8. The learned DR, on the other hand, submitted that the Income Tax Act is a self-contained code wherein subject matter as well as rights and liabilities are well defined and computation methods are specifically provided. He submitted that there is no dispute about the position that rental income earned by the assessee company is chargeable to tax under the head “income from house property”. He contended that such income, therefore, has to be computed in accordance with the provisions of Section 22 to 27. Referring to the provisions of Section 23, he submitted that the annual value of the property has to be taken as the sum for which the property might reasonably be expected to let from year to year or where the property is let and if the annual rent received or receivable by the owner in respect thereof is in excess of the said sum, the amount so received or receivable. He submitted that the property in question was actually let out by the assessee company in the year under consideration and the rent actually received was required to be taken as annual value without allowing any deduction from such actual rent in accordance with the provisions of Section 23. He also submitted that the deductions provided in Section 24 from “income from house property” are very specific and since the word used therein is “namely” which means “only”, no deduction other than those specifically provided in Section 24 can be allowed in computing income chargeable under the head “income from house property”. He submitted mat since the commission payment is not covered in the said deductions provided in Section 24, the same was not deductible under the said provisions for the purpose of computing the income chargeable under the head “income from house property”. He contended that the commission expenses thus were not deductible either under Section 23 or under Section 24 and the authorities below were fully justified in disallowing the claim of the assessee for deduction on this count.
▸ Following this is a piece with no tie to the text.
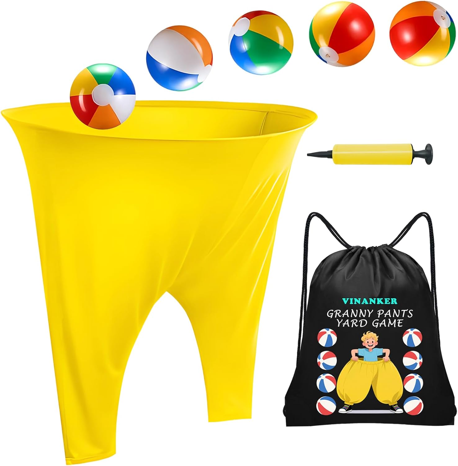 - Unleash non-stop laughter! Our Granny Pants Yard Game features giant stretchy pants and five inflatable balls for epic relay races or toss games. Perfect for adults, families, and parties – transform your backyard, park, or beach bash instantly! Durable stretchy pants handle jumps and tumbles. Includes ball, pump & drawstring backpack. Get ready for unforgettable fun!

9. The learned DR also contended that the charge in respect of commission payment was created by the assessee voluntarily and the same, therefore, could not be considered as transfer of income by overriding title as held by Hon’ble Supreme Court in the case of MSR Jagdish Chandra – 227 ITR 240. He submitted that income chargeable to tax under Income Tax Act as defined in Section 2(24) is required to be computed as per the computation provisions and even Section 4 also makes it clear that income tax shall be charged in accordance with and subject to the provisions of the Income Tax Act in respect of the total income.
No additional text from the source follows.